BEST PRACTICES FOR RPT DISCLOSURES

Given the SEC's increased focus on enforcing RPT Disclosure requirements, we have compiled the below suggestions for drafting RPT Disclosures.

  1. Provide Comprehensive Disclosure. Ensure that all related party transactions are disclosed, including those with directors, officers and their family members, in order to provide a clear picture to stockholders. Make sure to include the following requirements:
    1. The name of the related person and the basis on which the person is a related person;
    2. The related person's interest in the transaction with the registrant, including the related person's position(s) or relationship(s) with, or ownership in, a firm, corporation, or other entity that is a party to, or has an interest in, the transaction;
    3. The approximate dollar value of the amount involved in the transaction;
    4. The approximate dollar value of the amount of the related person's interest in the transaction, which shall be computed without regard to the amount of profit or loss; and
    5. Any other information regarding the transaction, or the related person in the context of the transaction, that is material to investors in light of the circumstances of the particular transaction.
  2. Conduct a Quantitative Materiality Assessment.
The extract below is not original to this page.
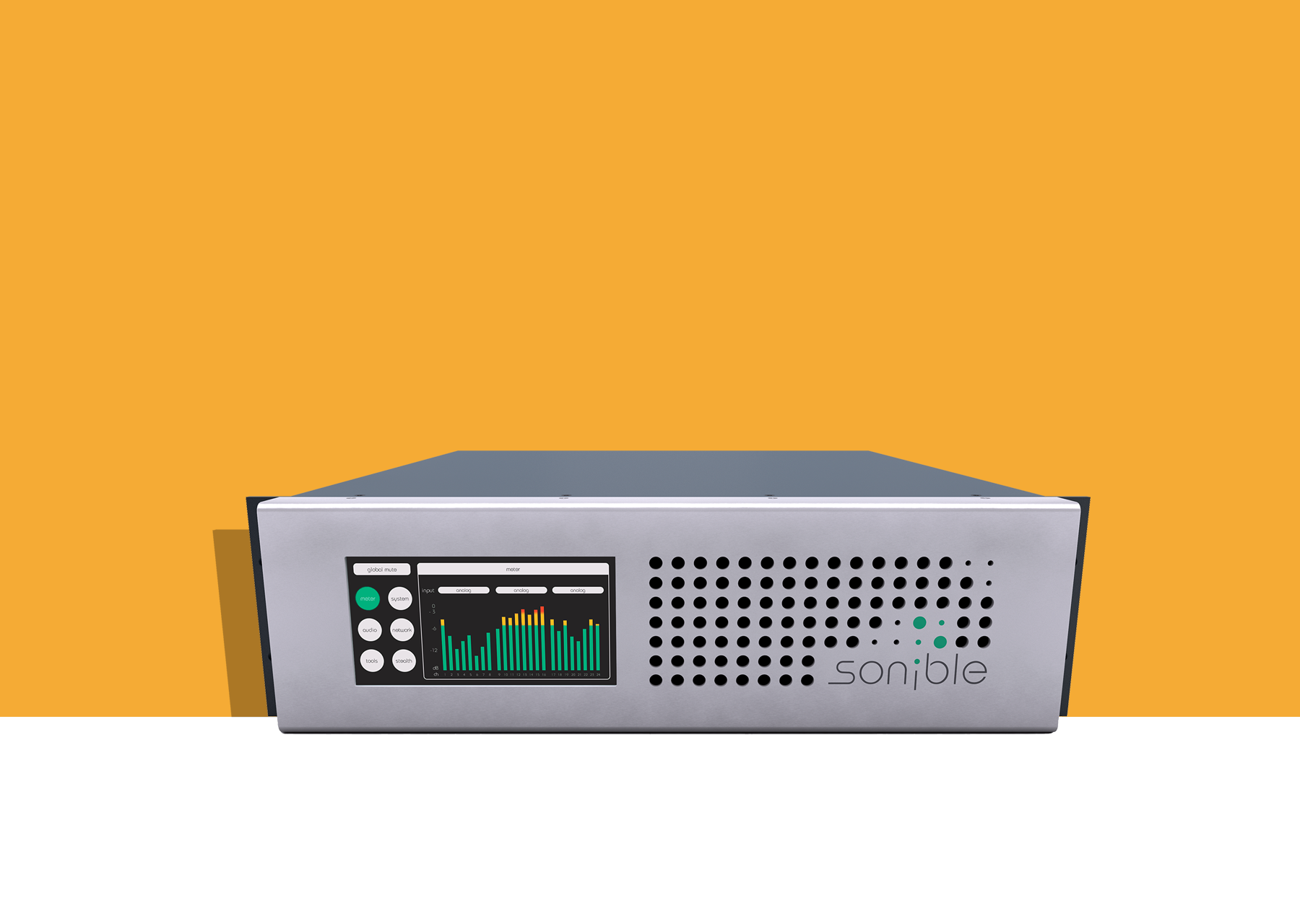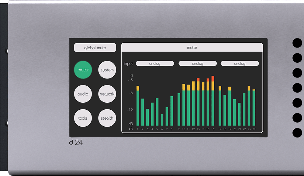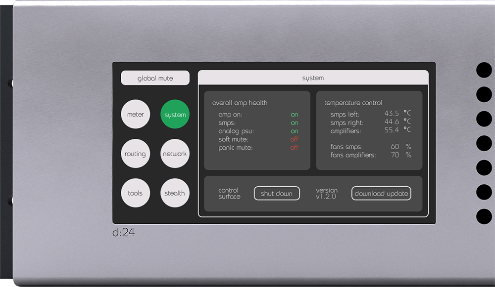 d:24 by sonible GmbH is a 24-channel amplifier which can be controlled by a touch interface on the amplifier or a remote web interface.

The rule requires disclosure of any transaction, since the beginning of the registrant's last fiscal year, or any currently proposed transaction, in which the registrant was or is to be a participant and the amount involved exceeds $120,000, and in which any related person had or will have a direct or indirect material interest.
    1. In order to calculate the amount of the transaction, the rule requires a lookback period of more than one year.
      1. Make sure to include the last fiscal year in the calculation, as well as the "stub period" between the end of the fiscal year and such filing to see whether the transaction meets the threshold amount of $120,000.
  3. Use Plain Language. Write in clear, simple language that is easily understandable by stockholders.
  4. Address Conflicts of Interest. Disclose any conflicts of interest that may arise from the transaction and how they are being managed, approved and mitigated. Include any Board of Directors action that was taken in connection with the related party transaction.

By adhering to these practices, companies can enhance transparency and compliance with SEC regulations, mitigating the risk of enforcement actions.

The content of this article is intended to provide a general guide to the subject matter. Specialist advice should be sought about your specific circumstances.